* Data listing:
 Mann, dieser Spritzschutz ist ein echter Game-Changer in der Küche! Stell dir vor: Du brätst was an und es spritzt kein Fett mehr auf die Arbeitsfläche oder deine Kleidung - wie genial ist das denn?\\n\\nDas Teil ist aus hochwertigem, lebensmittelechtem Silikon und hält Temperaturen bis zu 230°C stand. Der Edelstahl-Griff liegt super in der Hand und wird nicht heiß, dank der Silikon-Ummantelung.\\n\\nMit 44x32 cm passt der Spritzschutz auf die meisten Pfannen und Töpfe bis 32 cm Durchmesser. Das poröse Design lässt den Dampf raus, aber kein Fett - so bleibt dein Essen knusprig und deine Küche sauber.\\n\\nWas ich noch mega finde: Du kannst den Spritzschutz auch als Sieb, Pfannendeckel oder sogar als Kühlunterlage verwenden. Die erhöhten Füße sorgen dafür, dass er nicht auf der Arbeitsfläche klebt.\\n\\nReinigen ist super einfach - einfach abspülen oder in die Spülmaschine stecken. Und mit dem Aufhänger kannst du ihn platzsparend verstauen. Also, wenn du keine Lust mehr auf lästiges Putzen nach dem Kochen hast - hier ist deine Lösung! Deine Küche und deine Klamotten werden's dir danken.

--

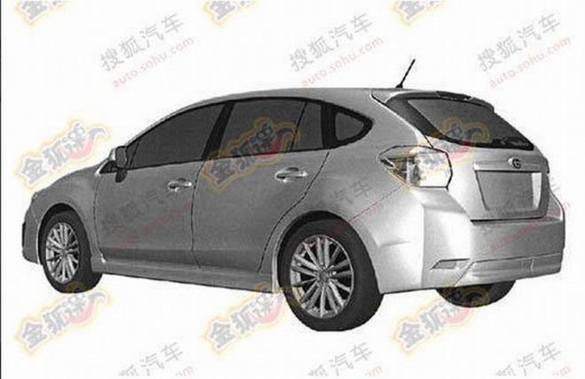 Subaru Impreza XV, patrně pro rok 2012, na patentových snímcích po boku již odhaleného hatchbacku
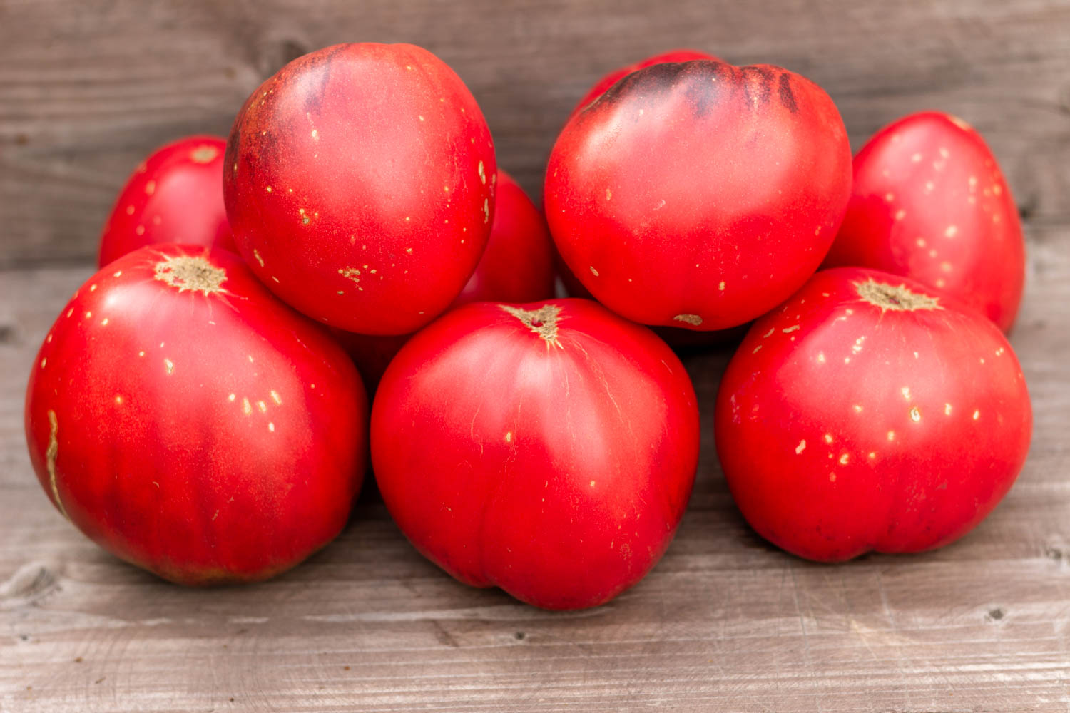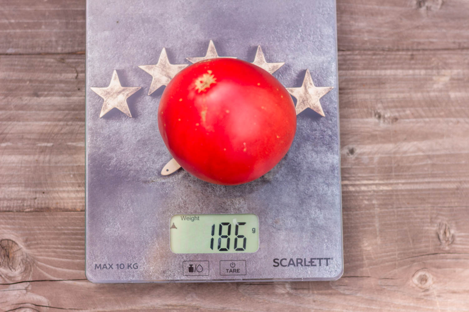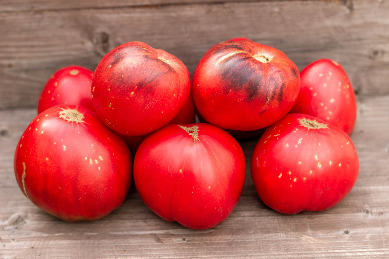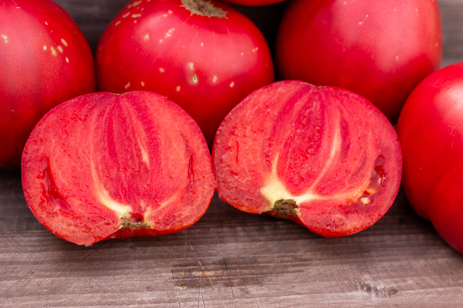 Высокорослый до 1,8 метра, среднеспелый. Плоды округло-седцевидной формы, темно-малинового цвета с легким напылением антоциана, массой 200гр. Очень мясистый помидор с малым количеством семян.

* What this task involves: Beginning with the line that contains "Subaru Impreza XV, patrně", write out the lines of the material above exactly, and end with the line that contains "Высокорослый до 1,8". Omit the pictures.

* Written reply:
 Subaru Impreza XV, patrně pro rok 2012, na patentových snímcích po boku již odhaleného hatchbacku
 Высокорослый до 1,8 метра, среднеспелый. Плоды округло-седцевидной формы, темно-малинового цвета с легким напылением антоциана, массой 200гр. Очень мясистый помидор с малым количеством семян.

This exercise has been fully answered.